SPIRV_TOOLS_EXPORT const char* spvSoftwareVersionString(void);
// Returns a null-terminated string containing the name of the project,
// the software version string, and commit details.
// The contents of the underlying storage is valid for the remainder of
// the process.
SPIRV_TOOLS_EXPORT const char* spvSoftwareVersionDetailsString(void);
// Certain target environments impose additional restrictions on SPIR-V, so it's
// often necessary to specify which one applies. SPV_ENV_UNIVERSAL means
// environment-agnostic SPIR-V.
typedef enum {
SPV_ENV_UNIVERSAL_1_0, // SPIR-V 1.0 latest revision, no other restrictions.
SPV_ENV_VULKAN_1_0, // Vulkan 1.0 latest revision.
SPV_ENV_UNIVERSAL_1_1, // SPIR-V 1.1 latest revision, no other restrictions.
SPV_ENV_OPENCL_2_1, // OpenCL Full Profile 2.1 latest revision.
SPV_ENV_OPENCL_2_2, // OpenCL Full Profile 2.2 latest revision.
SPV_ENV_OPENGL_4_0, // OpenGL 4.0 plus GL_ARB_gl_spirv, latest revisions.
SPV_ENV_OPENGL_4_1, // OpenGL 4.1 plus GL_ARB_gl_spirv, latest revisions.
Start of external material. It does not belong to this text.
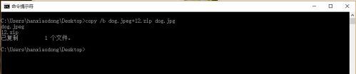 接着打开命令行,进入桌面路径,以我的文件为例,输入copy/bdog.jpeg+12.zipdog.jpg,其格式是:图片名称+被隐藏文件名输出的文件名。

SPV_ENV_OPENGL_4_2, // OpenGL 4.2 plus GL_ARB_gl_spirv, latest revisions.
SPV_ENV_OPENGL_4_3, // OpenGL 4.3 plus GL_ARB_gl_spirv, latest revisions.
// There is no variant for OpenGL 4.4.
SPV_ENV_OPENGL_4_5, // OpenGL 4.5 plus GL_ARB_gl_spirv, latest revisions.
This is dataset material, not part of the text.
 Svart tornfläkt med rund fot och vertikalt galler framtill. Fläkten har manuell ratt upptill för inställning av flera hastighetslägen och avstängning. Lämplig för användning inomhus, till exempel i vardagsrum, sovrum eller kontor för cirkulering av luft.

SPV_ENV_UNIVERSAL_1_2, // SPIR-V 1.2, latest revision, no other restrictions.
SPV_ENV_OPENCL_1_2, // OpenCL Full Profile 1.2 plus cl_khr_il_program,
// latest revision.
SPV_ENV_OPENCL_EMBEDDED_1_2, // OpenCL Embedded Profile 1.2 plus
// cl_khr_il_program, latest revision.
SPV_ENV_OPENCL_2_0, // OpenCL Full Profile 2.0 plus cl_khr_il_program,
// latest revision.
SPV_ENV_OPENCL_EMBEDDED_2_0, // OpenCL Embedded Profile 2.0 plus
// cl_khr_il_program, latest revision.
SPV_ENV_OPENCL_EMBEDDED_2_1, // OpenCL Embedded Profile 2.1 latest revision.
SPV_ENV_OPENCL_EMBEDDED_2_2, // OpenCL Embedded Profile 2.2 latest revision.
SPV_ENV_UNIVERSAL_1_3, // SPIR-V 1.3 latest revision, no other restrictions.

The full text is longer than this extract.